BEGIN Information supplied
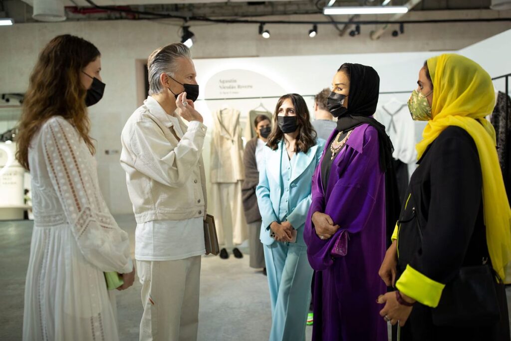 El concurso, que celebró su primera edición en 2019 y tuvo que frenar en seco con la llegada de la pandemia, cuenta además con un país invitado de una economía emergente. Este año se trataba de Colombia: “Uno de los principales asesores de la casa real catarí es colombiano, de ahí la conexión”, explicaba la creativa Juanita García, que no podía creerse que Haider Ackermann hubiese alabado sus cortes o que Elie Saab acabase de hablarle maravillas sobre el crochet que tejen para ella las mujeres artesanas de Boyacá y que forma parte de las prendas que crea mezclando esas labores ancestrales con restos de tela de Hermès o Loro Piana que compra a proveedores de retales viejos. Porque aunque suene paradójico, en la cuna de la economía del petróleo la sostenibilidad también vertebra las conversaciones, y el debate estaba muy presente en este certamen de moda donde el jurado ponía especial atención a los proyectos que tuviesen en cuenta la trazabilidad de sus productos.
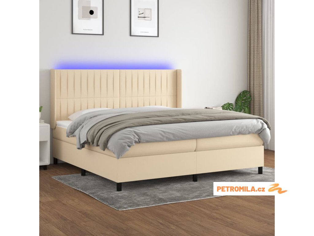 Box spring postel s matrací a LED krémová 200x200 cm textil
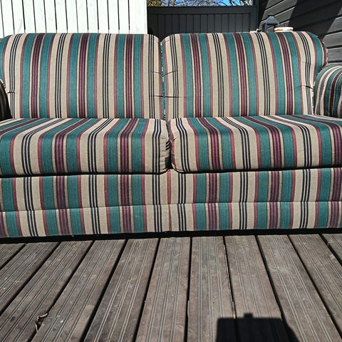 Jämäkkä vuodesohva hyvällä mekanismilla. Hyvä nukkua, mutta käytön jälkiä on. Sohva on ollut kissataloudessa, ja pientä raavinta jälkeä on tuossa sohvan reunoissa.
END Information supplied
What is needed
Every line of the listing is to be retyped exactly; pictures stay out.

Exercise output
 El concurso, que celebró su primera edición en 2019 y tuvo que frenar en seco con la llegada de la pandemia, cuenta además con un país invitado de una economía emergente. Este año se trataba de Colombia: “Uno de los principales asesores de la casa real catarí es colombiano, de ahí la conexión”, explicaba la creativa Juanita García, que no podía creerse que Haider Ackermann hubiese alabado sus cortes o que Elie Saab acabase de hablarle maravillas sobre el crochet que tejen para ella las mujeres artesanas de Boyacá y que forma parte de las prendas que crea mezclando esas labores ancestrales con restos de tela de Hermès o Loro Piana que compra a proveedores de retales viejos. Porque aunque suene paradójico, en la cuna de la economía del petróleo la sostenibilidad también vertebra las conversaciones, y el debate estaba muy presente en este certamen de moda donde el jurado ponía especial atención a los proyectos que tuviesen en cuenta la trazabilidad de sus productos.
 Box spring postel s matrací a LED krémová 200x200 cm textil
 Jämäkkä vuodesohva hyvällä mekanismilla. Hyvä nukkua, mutta käytön jälkiä on. Sohva on ollut kissataloudessa, ja pientä raavinta jälkeä on tuossa sohvan reunoissa.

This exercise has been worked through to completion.